▽
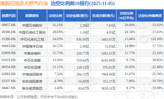 从沽空金额来看,中国海洋石油、中国石油股份、中国石油化工股份沽空金额位居行业前三,分别为2.49亿港元、2.39亿港元、1.16亿港元。
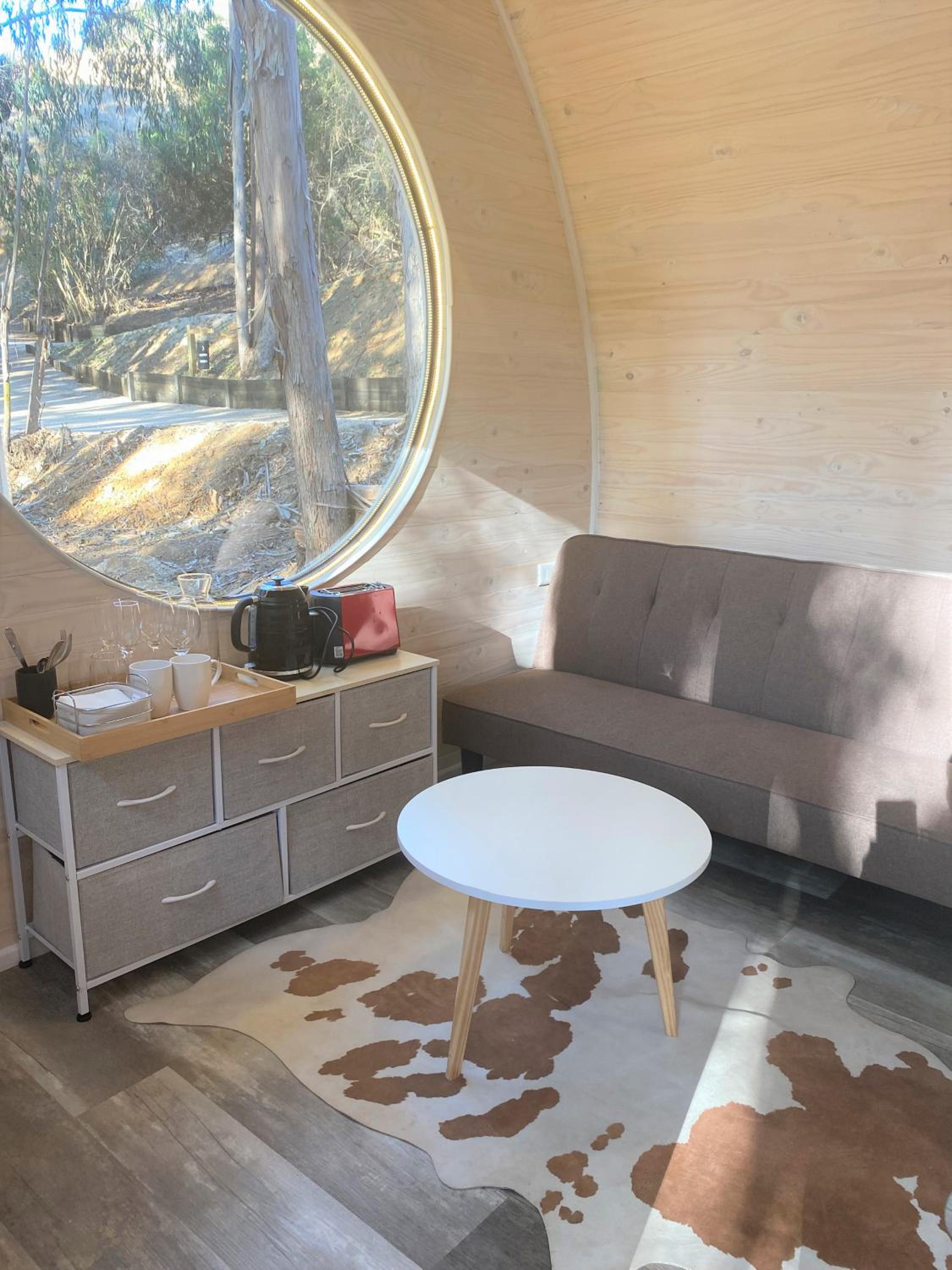 Carisimo para los servicios, llegamos y nos dimos con loS tachos con la basura de los huéspedes anteriores y una escalera larga y con mucha subida por la cual subimos 3 noches en la oscuridad, a pesar de q pedimos q nos prendan las luces, súper ruidoso, ladridos de perros, y camiones y autos q pasan por ruta cercana, tuvimos q llevar el agua para consumo, el wifi no está disponible en la carpa. La parrilla, es una parrilla electrica sucia. Haría falta un microondas. Al hacer check out, y comentar sobre la basura y las luces de la subida, nos quisieron compensar con un desayuno, ya habiamos desayunado y algunas cosas no hay forma de compensar. Nos hubieran prendido las luces cuando pedimos.
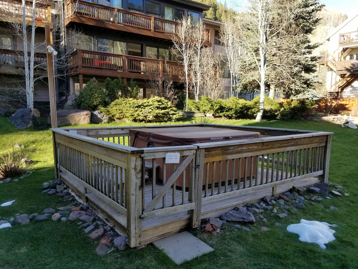 Overlook the river for this Ski in/Ski Out 1 bedroom Condo! New Hot Tub/pool This home boasts one of the best locations in town. 10 min walk to festival grounds entrance. 30 second walk to the river trail. 5 min walk to gondola/slopes or downtown. Amazing views from patio. Its a very quick walk to enjoy all the local eats, galleries, shops and music festivals. Park your car and walk everywhere! New Hot Tub is open! #00652
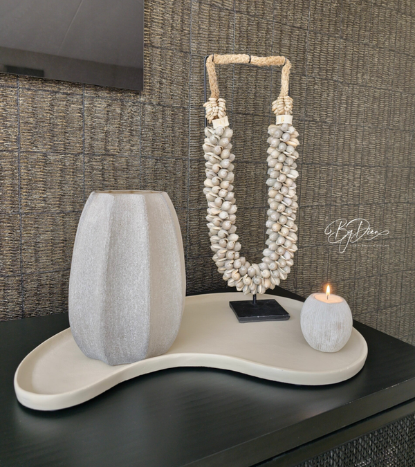 Schelpenkettingen zijn niet meer weg te denken in het interieur. Of je hem nou los neerzet in je vakkenkast of je combineert hem met accessoires op een tray, de schelpenketting is echt een lust voor het oog.
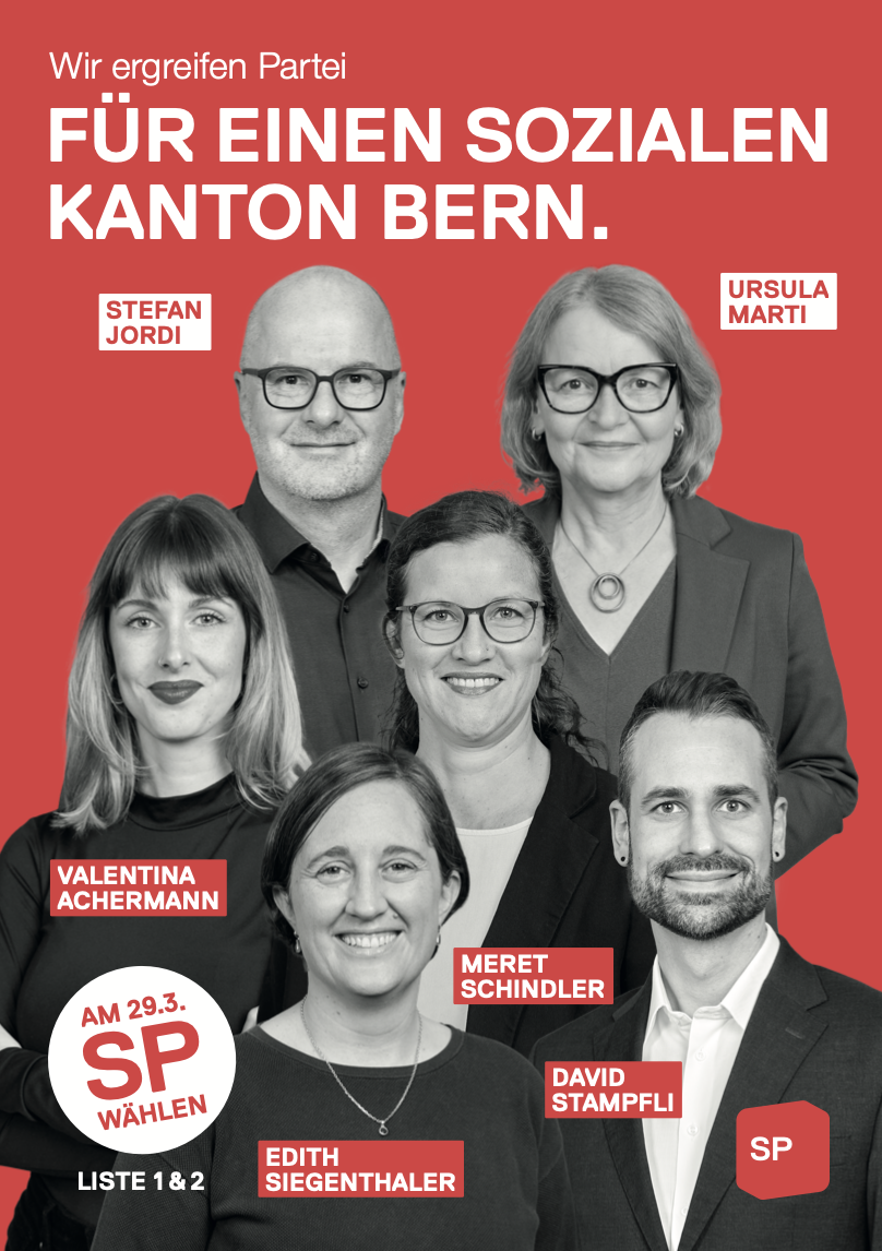 Die Wahlkampagne führen wir als Partei und als lokale Teams. Unsere Stärke ist der Zusammenhalt – nur so können wir als Minderheit eine aktive Rolle spielen. Jeder zusätzliche Sitz hilft, mehr für einen sozialen und fortschrittlichen Kanton Bern zu erreichen.
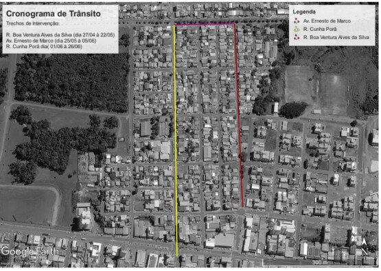 Na sequência, a partir do dia 22 de maio, as obras avançam para a avenida Ernesto de Marco (Araras), com previsão de continuidade até o dia 5 de junho. Já entre os dias 1º e 26 de junho, os serviços serão realizados na rua Cunha Porã.
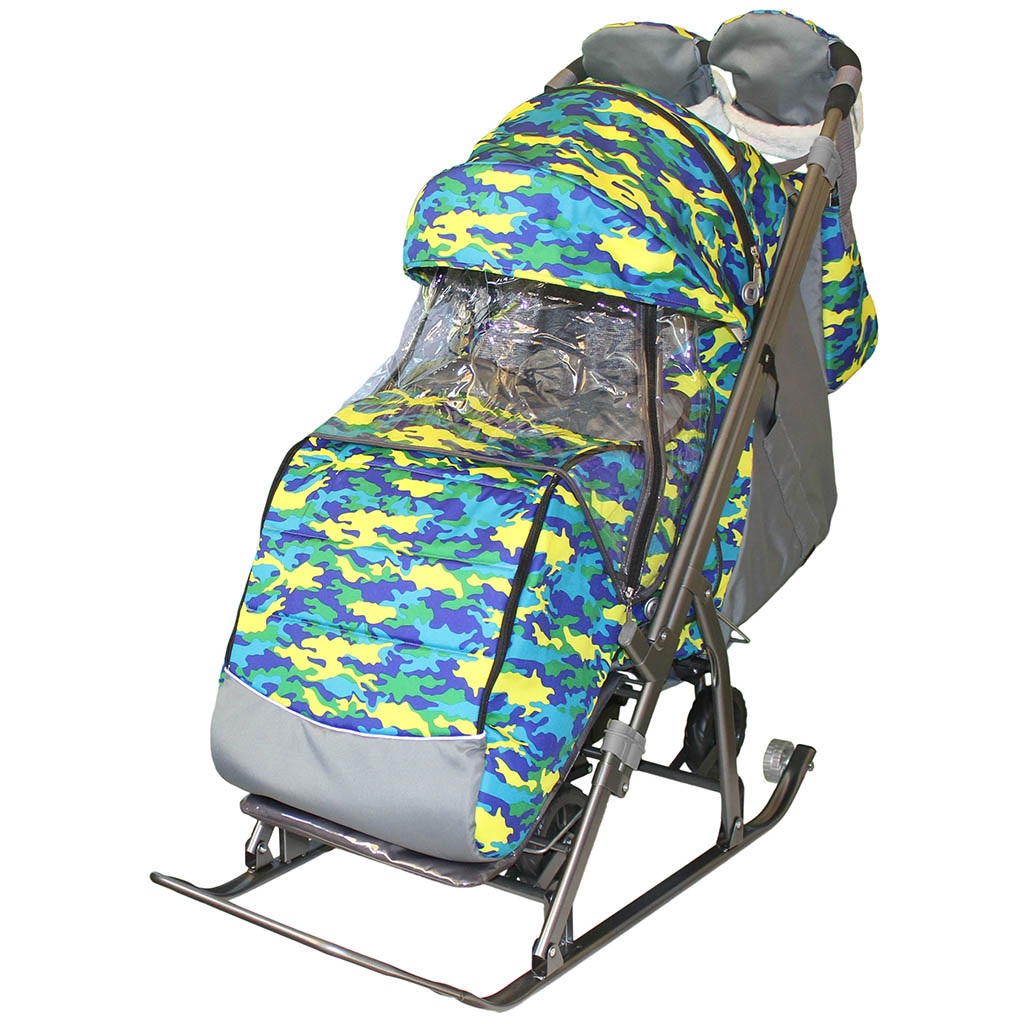 Санки коляска SNOW GALAXY Kids-3-1 (Сноу гелакси кидс 3-1) - складные санки-коляска с 4 прорезиненными колесами и очень надежным педальным механизмом. Для наилучшего передвижения по асфальтированной поверхности на санках-колясках предусмотрены сверхпроходимые прорезиненные колеса на педальном механизме. Достаточно нажать на него ногой и переставить санки на колеса. Эксклюзивная покраска рамы серой краской пр-во Германия, которая блокирует ржавчину и коррозию металла в течении срока использования. Созданная по самым современным технологиям, эта покраска выглядит очень эффектно. Перекидная ручка-толкатель: ребенок может находиться в 2-х положениях: "лицом к дороге" и "лицом к маме. Полностью раскрывающаяся, съемная утепленная попона с боковыми защитными ветровиками закрывает ребенка от ветра. Чехол - с 2 молниями по бокам для удобного открывания с обеих сторон. Вы сможете вытащить ребенка с любой стороны, открыв одну из двух молний. Большой капюшон как у настоящей коляски. Высокий складной 3-секционный капюшон с увеличенной высотой по спинке позволяет чувствовать себя комфортно малышу в шапке с помпоном. На капюшоне есть смотровое окно для наблюдения за ребенком из гибкого силикона- не лопнет на морозе и не деформируется при перепаде температур. Завышенная спинка для большего пространства над головой малыша. Спинка опускается до горизонтального положения с помощью необычного крепления- рычага сзади спинки- очень надежная и прочная система. 3 положения спинки: сидячее, полугоризонтальное, горизонтальное. Широкое посадочное место 41 см. Сиденье обтянуто искуственной замшей- Алькантара. Износостойкая, бархатистая ткань, приятная на ощупь, которую часто применяют в автомобильном тюнинге. Подножка для ног с регулируемым углом наклона, включая горизонтальное, позволяющее ребенку в положении лежа комфортно вытягивать ножки. Водоотталкивающая непродуваемая ткань Оксфорд с тефлоновой пропиткой- противогрязевая защита. Легко моется и стирается. Капюшон и попона украшены белым мехом- это очень красиво. Внутри – съемный меховой матрасик с 5-ти точечными ремнями безопасности. Обработка- светоотражающий кант. Рама- высокопрочный облегченный стальной каркас. Сплющенные полозья 30 мм будут легко скользить по любым дорогам города. В комплекте вместительная сумка для мамы, очень стильная и созданная с любовью: внутри- множество карманов. В комплекте - рукавицы для рук с мехом на стальных кнопках. На капюшоне- съемный дождевик на молнии из ветрозащитной прозрачной пленки. Санки предназначены для перевозки детей от 8 месяцев. В сложенном виде санки компактны и удобны для хранения и провоза в общественном транспорте. Санки- коляска упакованы в полиэтилен и картон. Их легко содержать в чистоте и удобно хранить от зимы до зимы.
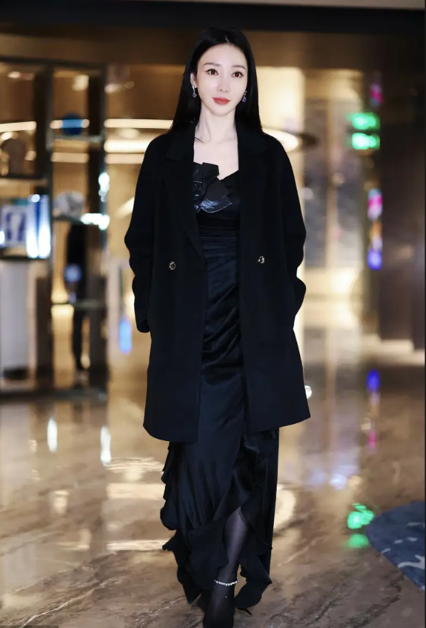 柳巖結(jié)束錄制現(xiàn)身酒店,著黑色系裙裝氣場十足。
△
## [Exercise brief]
Copy the lines exactly as they appear from the opening of the entries above through the line with "Na sequência, a", excluding all pictures.

## [Response to the exercise]
 从沽空金额来看,中国海洋石油、中国石油股份、中国石油化工股份沽空金额位居行业前三,分别为2.49亿港元、2.39亿港元、1.16亿港元。
 Carisimo para los servicios, llegamos y nos dimos con loS tachos con la basura de los huéspedes anteriores y una escalera larga y con mucha subida por la cual subimos 3 noches en la oscuridad, a pesar de q pedimos q nos prendan las luces, súper ruidoso, ladridos de perros, y camiones y autos q pasan por ruta cercana, tuvimos q llevar el agua para consumo, el wifi no está disponible en la carpa. La parrilla, es una parrilla electrica sucia. Haría falta un microondas. Al hacer check out, y comentar sobre la basura y las luces de la subida, nos quisieron compensar con un desayuno, ya habiamos desayunado y algunas cosas no hay forma de compensar. Nos hubieran prendido las luces cuando pedimos.
 Overlook the river for this Ski in/Ski Out 1 bedroom Condo! New Hot Tub/pool This home boasts one of the best locations in town. 10 min walk to festival grounds entrance. 30 second walk to the river trail. 5 min walk to gondola/slopes or downtown. Amazing views from patio. Its a very quick walk to enjoy all the local eats, galleries, shops and music festivals. Park your car and walk everywhere! New Hot Tub is open! #00652
 Schelpenkettingen zijn niet meer weg te denken in het interieur. Of je hem nou los neerzet in je vakkenkast of je combineert hem met accessoires op een tray, de schelpenketting is echt een lust voor het oog.
 Die Wahlkampagne führen wir als Partei und als lokale Teams. Unsere Stärke ist der Zusammenhalt – nur so können wir als Minderheit eine aktive Rolle spielen. Jeder zusätzliche Sitz hilft, mehr für einen sozialen und fortschrittlichen Kanton Bern zu erreichen.
 Na sequência, a partir do dia 22 de maio, as obras avançam para a avenida Ernesto de Marco (Araras), com previsão de continuidade até o dia 5 de junho. Já entre os dias 1º e 26 de junho, os serviços serão realizados na rua Cunha Porã.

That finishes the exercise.